From Table 15, one can easily see that when the cost is the unique selection criterion (the case $\lambda$ = 0), then the proposed number of SMD to be purchased is the minimum. As the performance is taken into account then the proposed number of SMD to be purchased increases.

7. Conclusions

The subject of our paper was motivated by the complexity of the SMD procurement decision process in healthcare.
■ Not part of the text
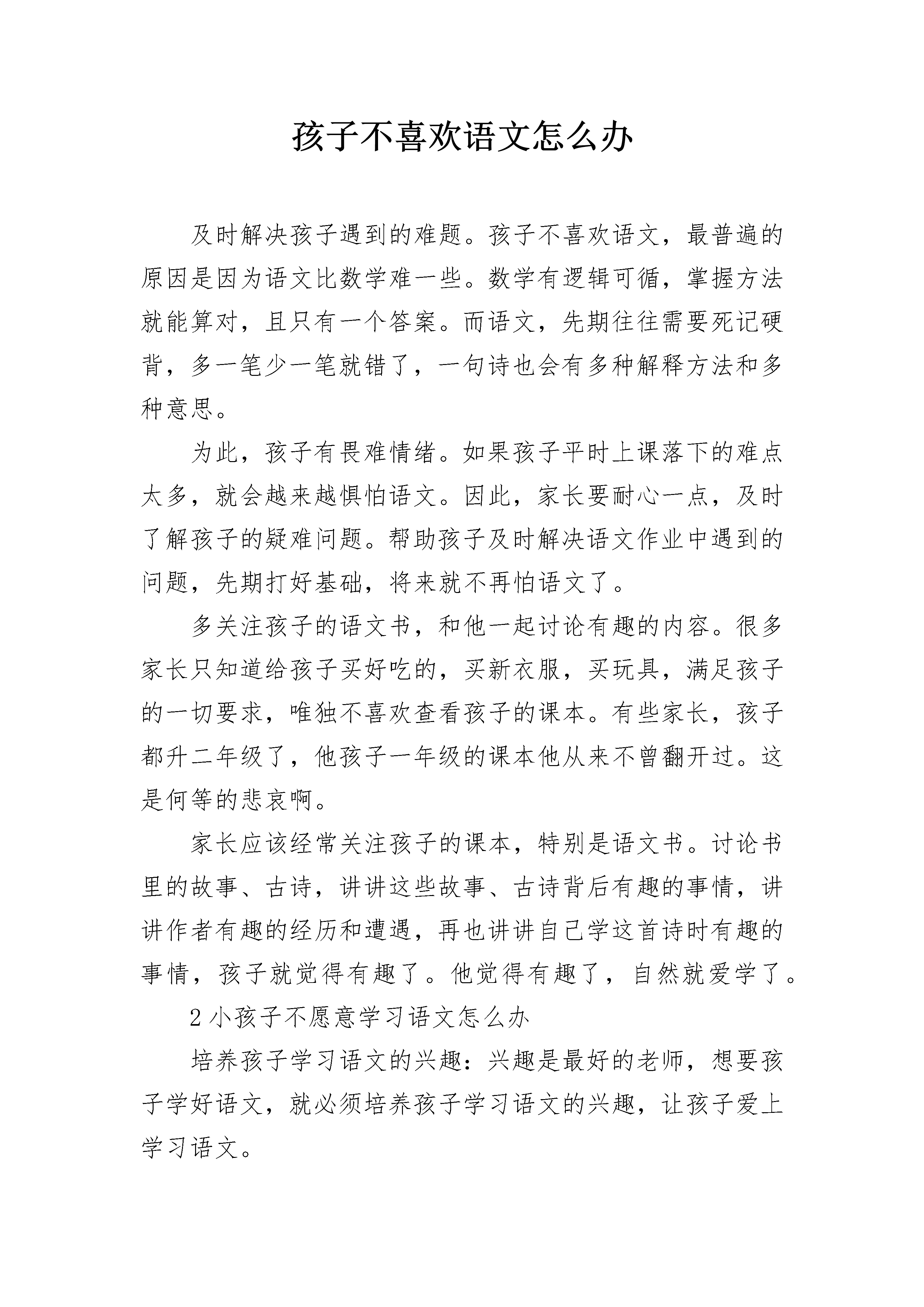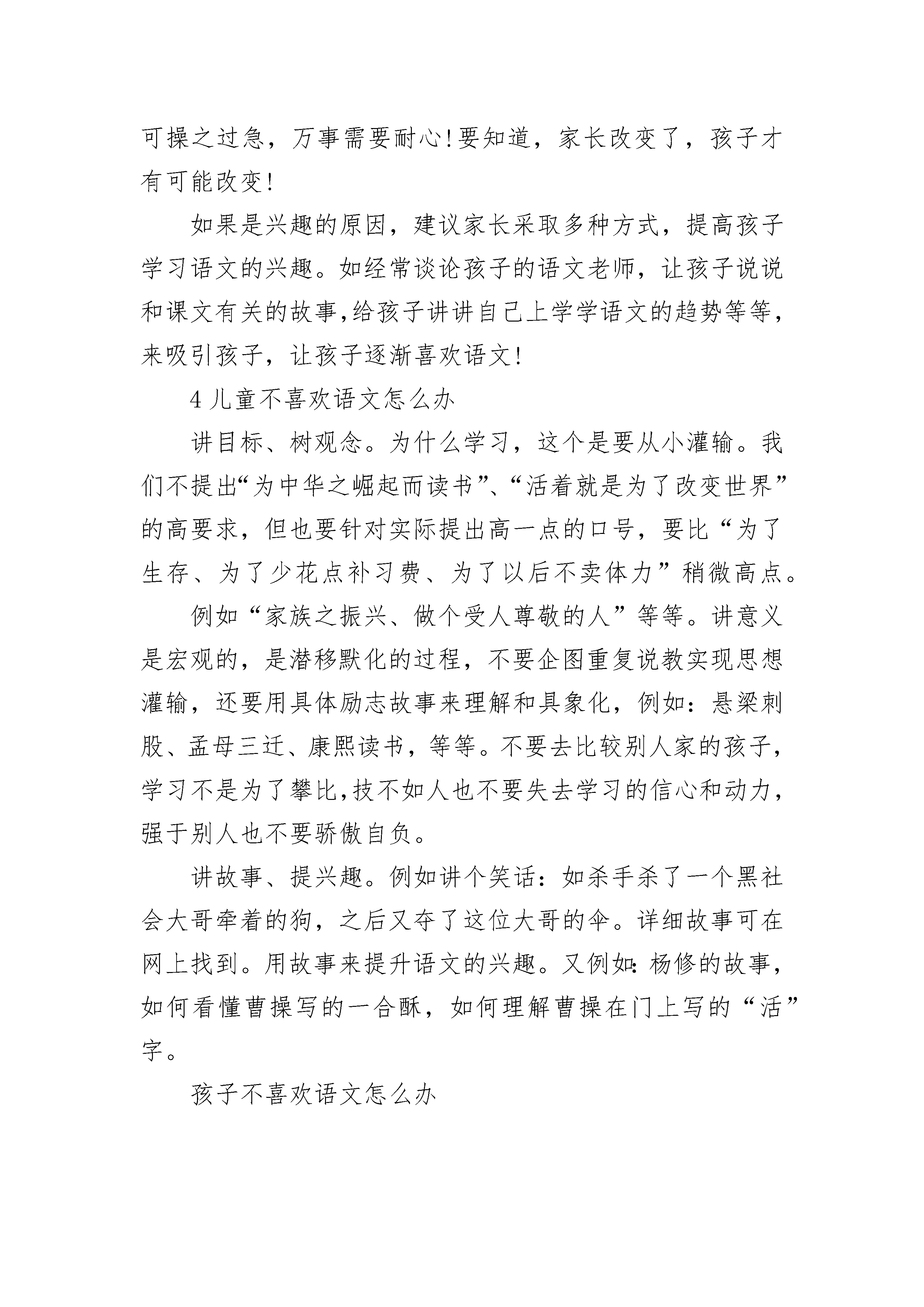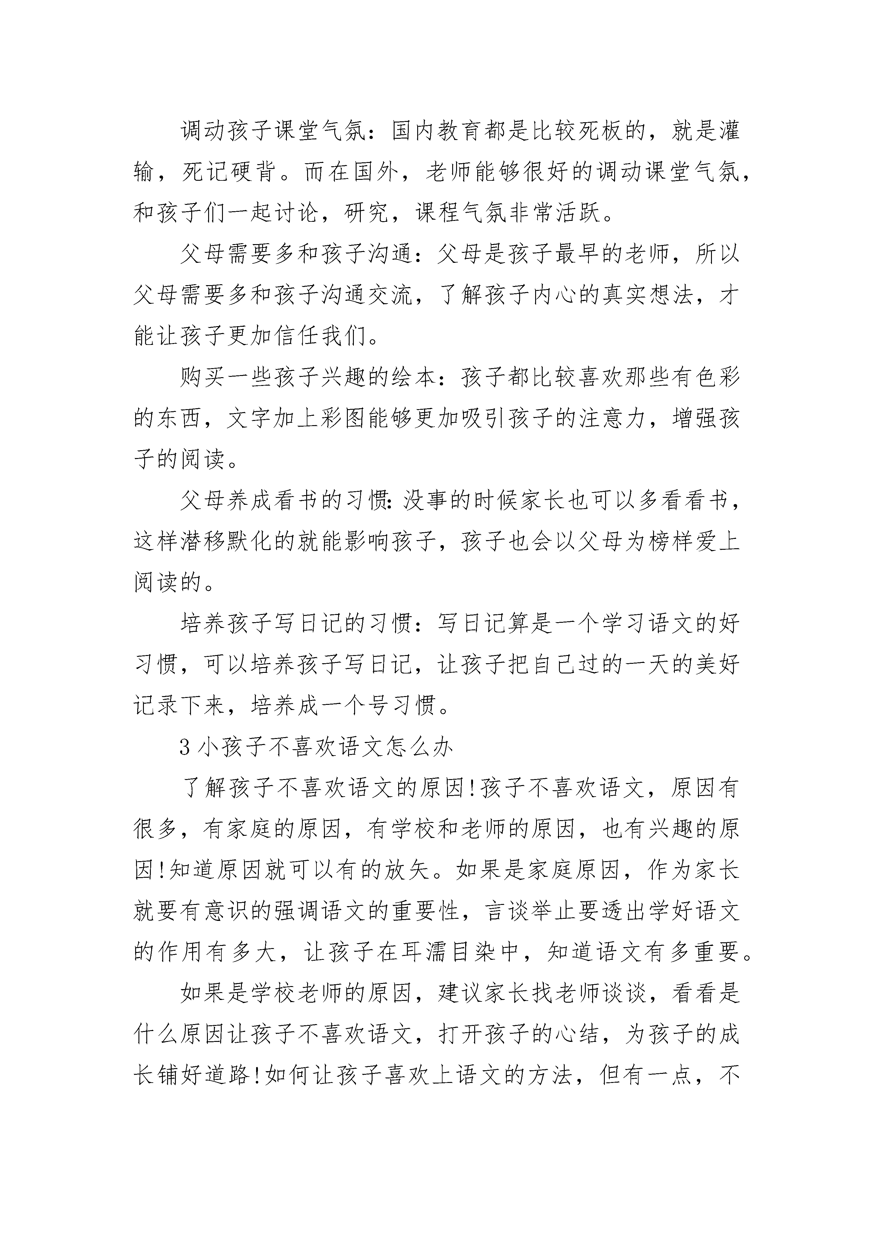 孩子不喜欢语文怎么办及时解决孩子遇到的难题。孩子不喜欢语文,最普遍的原因是因为语文比数学难一些。数学有逻辑可循,掌握方法就能算对,且只有一个答案。而语文,先期往往需要死记硬背,多一笔少一笔就错了,一句诗也会有多种解释方法和多种意思。为此,孩子有畏难情绪。如果孩子平时上课落下的难点太多,就会越来越惧怕语文。因此,家长要耐心一点,及时了解孩子的疑难问题。帮助孩子及时解决语文作业中遇到的问题,先期打好基础,将来就不再怕语文了。多关注孩子的语文书,和他一起讨论有趣的内容。很多家长只知道给孩子买好吃的,买新衣服,买玩具,满足孩子的一切要求,唯独不喜欢查看孩子的课本。有些家长,孩子都升二年级了,他孩子一年级的课本他从来不曾翻开过。这是何等的悲哀啊。家长应该经常关注孩子的课本,特别是语文书。讨论书里的故事、古诗,讲讲这些故事、古诗背后有趣的事情,讲讲作者有趣的经历和遭遇,再也讲讲自己学这首诗时有趣的事情,孩子就觉得有趣了。他觉得有趣了,自然就爱学了。2小孩子不愿意学习语文怎么办培养孩子学习语文的兴趣:兴趣是最好的老师,想要孩子学好语文,就必须培养孩子学习语文的兴趣,让孩子爱上学习语文。调动孩子课堂气氛:国内教育都是比较死板的,就是灌输,死记硬背。而在国外,老师能够很好的调动课堂气氛,和孩子们一起讨论,研究,课程气氛非常活跃。父母需要多和孩子沟通:父母是孩子最早的老师,所以父母需要多和孩子沟通交流,了解孩子内心的真实想法,才能让孩子更加信任我们。购买一些孩子兴趣的绘本:孩子都比较喜欢那些有色彩的东西,文字加上彩图能够更加吸引孩子的注意力,增强孩子的阅读。父母养成看书的习惯:没事的时候家长也可以多看看书,这样潜移默化的就能影响孩子,孩子也会以父母为榜样爱上阅读的。培养孩子写日记的习惯:写日记算是一个学习语文的好习惯,可以培养孩子写日记,让孩子把自己过的一天的美好记录下来,培养成一个号习惯。3小孩子不喜欢语文怎么办了解孩子不喜欢语文的原因!孩子不喜欢语文,原因有很多,有家庭的原因,有学校和老师的原因,也有兴趣的原因!知道原因就可以有的放矢。如果是家庭原因,作为家长就要有意识的强调语文的重要性,言谈举止要透出学好语文的作用有多大,让孩子在耳濡目染中,知道语文有多重要。如果是学校老师的原因,建议家长找老师谈谈,看看是什么原因让孩子不喜欢语文,打开孩子的心结,为孩子的成长铺好道路!如何让孩子喜欢上语文的方法,但有一点,不可操之过急,万事需要耐心!要知道,家长改变了,孩子才有可能改变!如果是兴趣的原因,建议家长采取多种方式,提高孩子学习语文的兴趣。如经常谈论孩子的语文老师,让孩子说说和课文有关的故事,给孩子讲讲自己上学学语文的趋势等等,来吸引孩子,让孩子逐渐喜欢语文!4儿童不喜欢语文怎么办讲目标、树观念。为什么学习,这个是要从小灌输。我们不提出“为中华之崛起而读书”、“活着就是为了改变世界”的高要求,但也要针对实际提出高一点的口号,要比“为了生存、为了少花点补习费、为了以后不卖体力”稍微高点。例如“家族之振兴、做个受人尊敬的人”等等。讲意义是宏观的,是潜移默化的过程,不要企图重复说教实现思想灌输,还要用具体励志故事来理解和具象化,例如:悬梁刺股、孟母三迁、康熙读书,等等。不要去比较别人家的孩子,学习不是为了攀比,技不如人也不要失去学习的信心和动力,强于别人也不要骄傲自负。讲故事、提兴趣。例如讲个笑话:如杀手杀了一个黑社会大哥牵着的狗,之后又夺了这位大哥的伞。详细故事可在网上找到。用故事来提升语文的兴趣。又例如:杨修的故事,如何看懂曹操写的一合酥,如何理解曹操在门上写的“活”字。孩子不喜欢语文怎么办

This domain deals with a great diversity of medical devices to be purchased, from different brands and vendors, which have an impact on the costs involved and health risks for patients in many ways. Through health applications, the delivery of sensors and healthcare medical devices can be improved. These technologies can help with lowering costs, facilitating the delivery of healthcare, and connecting people to medical services. In this paper, a survey of medical devices and medical sensors is presented in the context of IoT. There are stationary medical devices, wearable external medical devices, implantable medical devices and other medical devices. A decision support approach for SMD procurement is proposed to help decision makers from healthcare centers. Because of the complex structure of the decision process, a hybrid approach is proposed. The criteria weights are calculated with the help of a flexible version of the best worst method (FBWM) that reduces the number of evaluations made by the decision maker. A multi-objective model is defined for solving the vendor selection problem that takes into account the types of SMD, the brands and the vendors’ offers. The proposed hybrid approach is illustrated by a case study for the procurement of a set of SMD for a healthcare center. A comparison between BWM and FBWM is made for three cases of criteria weights calculation. The results obtained using FBWM are similar to those obtained using the BWM method taking into account that FBWM used fewer pairwise comparisons than BWM.